- EXERCISE BRIEF: All the lines below need to be output exactly, apart from any images.

- RECORDED DATA:

========

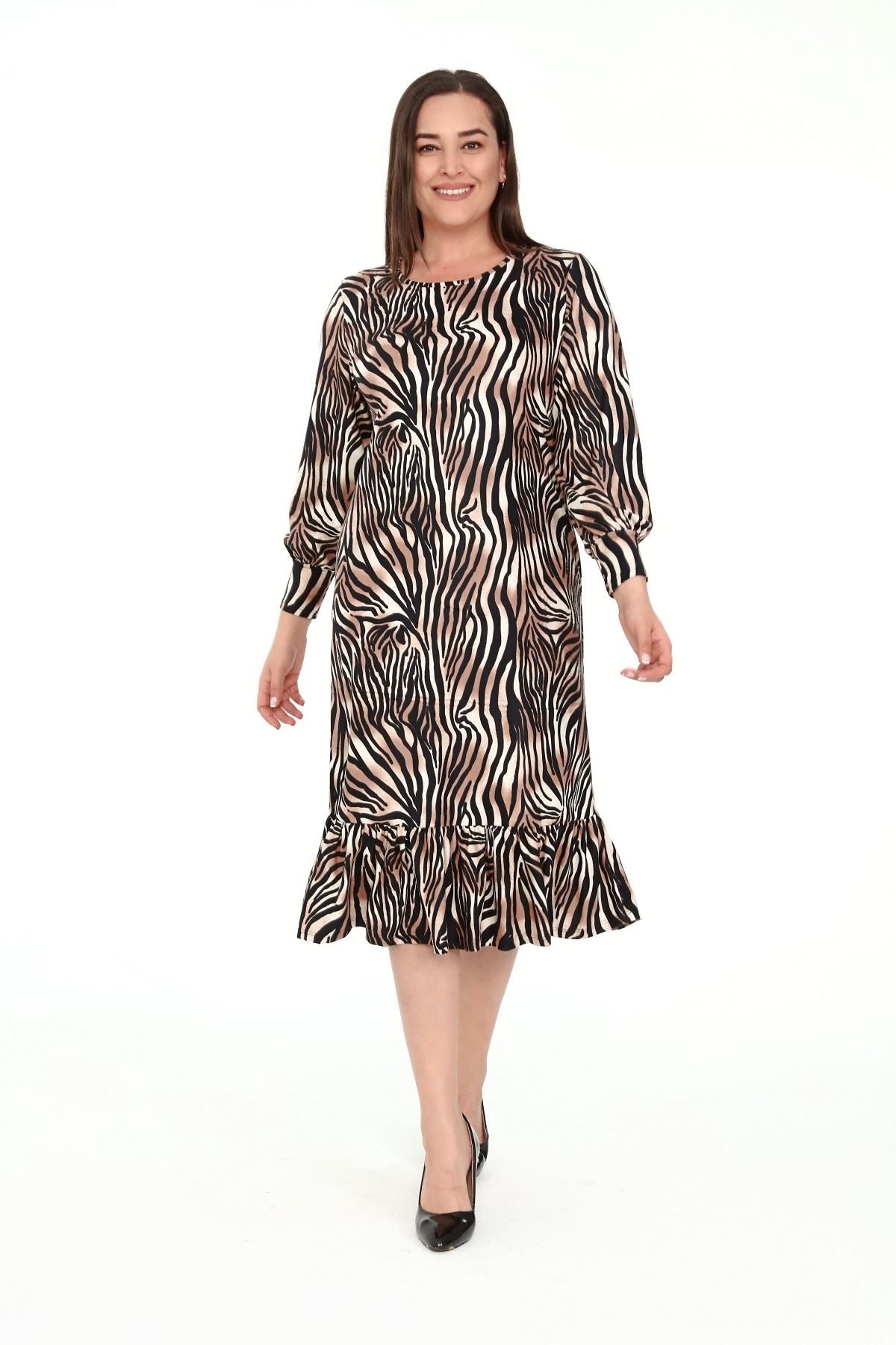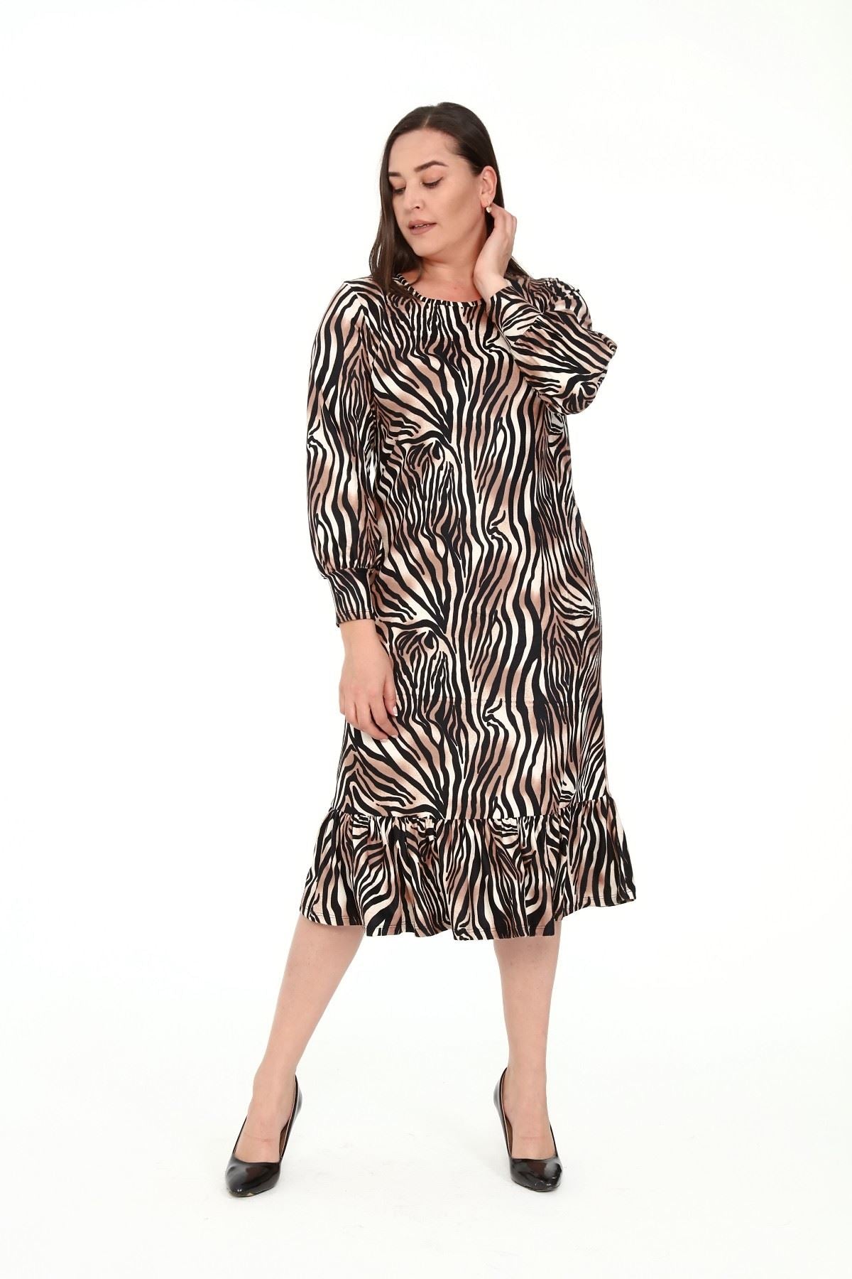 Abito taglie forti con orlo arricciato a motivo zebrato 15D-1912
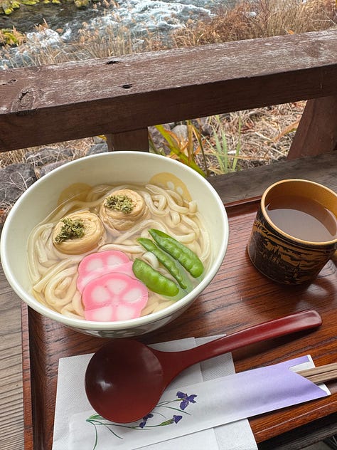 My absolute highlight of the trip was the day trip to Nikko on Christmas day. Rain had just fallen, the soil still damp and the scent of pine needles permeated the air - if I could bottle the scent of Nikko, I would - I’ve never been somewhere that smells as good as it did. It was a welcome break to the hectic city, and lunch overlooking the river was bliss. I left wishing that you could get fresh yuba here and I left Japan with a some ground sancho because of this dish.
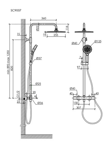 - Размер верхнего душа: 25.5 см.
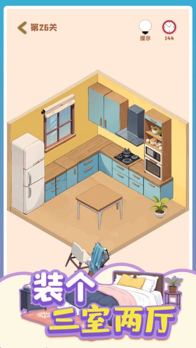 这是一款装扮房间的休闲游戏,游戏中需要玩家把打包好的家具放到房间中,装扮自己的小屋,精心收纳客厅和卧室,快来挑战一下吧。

========

- REPLY:
 Abito taglie forti con orlo arricciato a motivo zebrato 15D-1912
 My absolute highlight of the trip was the day trip to Nikko on Christmas day. Rain had just fallen, the soil still damp and the scent of pine needles permeated the air - if I could bottle the scent of Nikko, I would - I’ve never been somewhere that smells as good as it did. It was a welcome break to the hectic city, and lunch overlooking the river was bliss. I left wishing that you could get fresh yuba here and I left Japan with a some ground sancho because of this dish.
 - Размер верхнего душа: 25.5 см.
 这是一款装扮房间的休闲游戏,游戏中需要玩家把打包好的家具放到房间中,装扮自己的小屋,精心收纳客厅和卧室,快来挑战一下吧。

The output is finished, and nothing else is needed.